22. The viral particle of claim 21, wherein the promoter drives expression of a polypeptide encoded by the polynucleotide in a hepatocyte.

23. A composition comprising the capsid polypeptide of claim 1, the polynucleotide of claim 6 or claim 7, or the viral particle of any one of claims 8-22.

24. A pharmaceutical composition comprising the capsid polypeptide of claim 1, the polynucleotide of claim 6 or claim 7, or the viral particle of any one of claims 8-22, and a pharmaceutically acceptable carrier, excipient, or diluent.

25. A method for delivering a payload to a liver cell in a subject, the method comprising administering to the subject the viral particle of any one of claims 12-22, thereby delivering the payload to a liver cell in the subject.

26. The method of claim 25, wherein the subject is a mammal.

27. The method of claim 26, wherein the mammal is a human, mouse or a macaque.

28. A vector comprising a nucleotide sequence encoding a functional AAV-BI151, AAV- BI152, AAV-BI153, AAV-BI154, AAV-BI155, AAV-BI156, or AAV-BI157 polypeptide.

29. The vector of claim 28, wherein the vector is a plasmid.

30. A host cell comprising the vector of claim 28 or claim 29.

31. A method of producing a recombinant AAV particle comprising an AAV -BI 151, AAV - BI152, AAV-BI153, AAV-BI154, AAV-BI155, AAV-BI156, or AAV-BI157 capsid polypeptide, said method comprising: a) culturing a host cell, wherein the host cell comprises: i) the vector of claim 28 or claim 29, ii) a polynucleotide comprising a recombinant AAV genome comprising a polynucleotide sequence flanked by ITR sequences and encoding a payload operably linked to a regulatory element for expression in a target cell, and hi) one or more polynucleotides encoding polypeptides capable of mediating production of recombinant AAV particles; and b) recovering recombinant AAV particles from the host cell.

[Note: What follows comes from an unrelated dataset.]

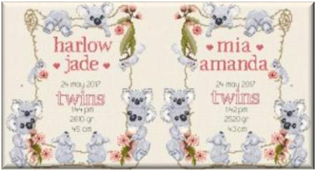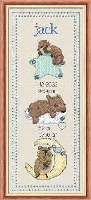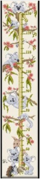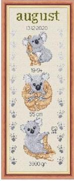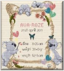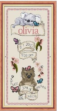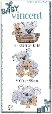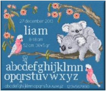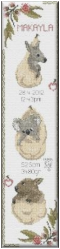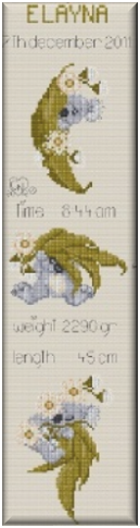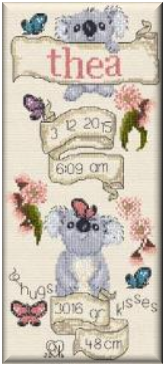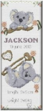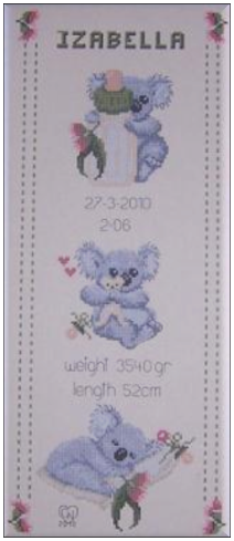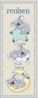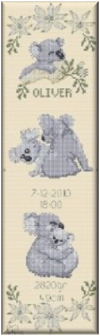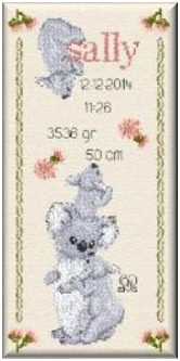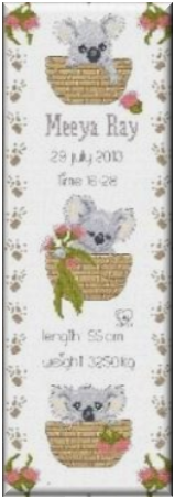 330.Koala Cuddles Birth Sampler 17x38cm $10 by email

32. A kit suitable for use in the method of any one of claims 25-27 or 31, wherein the kit comprising the capsid polypeptide of claim 1, the polynucleotide of claim 6 or claim 7, the viral particle of any one of claims 8-22, the composition of claim 23 or claim 24, or the vector of any one of claims 28-30.